In my opinion, VTGDF is not worth much, after deducting all liabilities, I do not see what can be left to shareholders?
The question remains about the Platinum Explorer and the arbitration against Petrobras? It is hard to imagine Petrobras - which is a National Oil Company NOC - to be forced to pay an early termination fee. However, we cannot totally eliminate a possible favorable decision against Petrobras.
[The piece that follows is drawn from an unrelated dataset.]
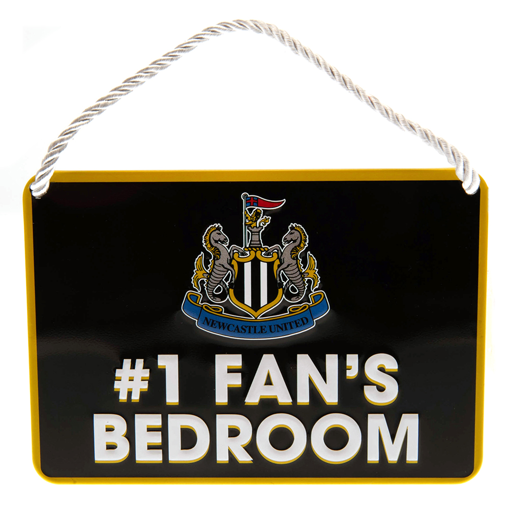 Vibrant metal hanging bedroom sign Complete with a nylon rope for hanging With a large club crest and #1 Fan’s Bedroom text

However, any proceeds will go to Vantage Drilling International.
Fleet status of Vantage Drilling International.
|Vantage drilling International 4/1/2016||2016||2017||2018||2019||D rate|| |
A quick look at the Vantage Drilling International balance sheet on 12/31/2015 shows that the promissory note was classified as a liability "note payable to parent", but will be exchanged with 655k shares or 13.1% of the total outstanding of Vantage Drilling International.
The future outlook is quite negative for Vantage Drilling International with a very limited contract backlog in 2016-2018. The company could be an excellent candidate for a takeover at a distress price, due to the quality of the fleet.
On February 19, 2016, Vantage Drilling International announced (my article) the following:
Vantage Drilling International signed an agreement for a two-year extension of the Tungsten Explorer contract; the ultra-deepwater drillship will now work until October 2018, the company said Feb. 19.
Quickly after the news, VTGDF jumped from 0.003 to 0.02+, and it was evident that the rally was directly correlated to the news of the Tungsten Explorer contract extension.
I do not recommend to invest in VTGDF or even trade the stock at all. The stock will have a very remote value when all is said and done, in my opinion.
Disclosure: I/we have no positions in any stocks mentioned, and no plans to initiate any positions within the next 72 hours.
I wrote this article myself, and it expresses my own opinions. I am not receiving compensation for it (other than from Seeking Alpha). I have no business relationship with any company whose stock is mentioned in this article.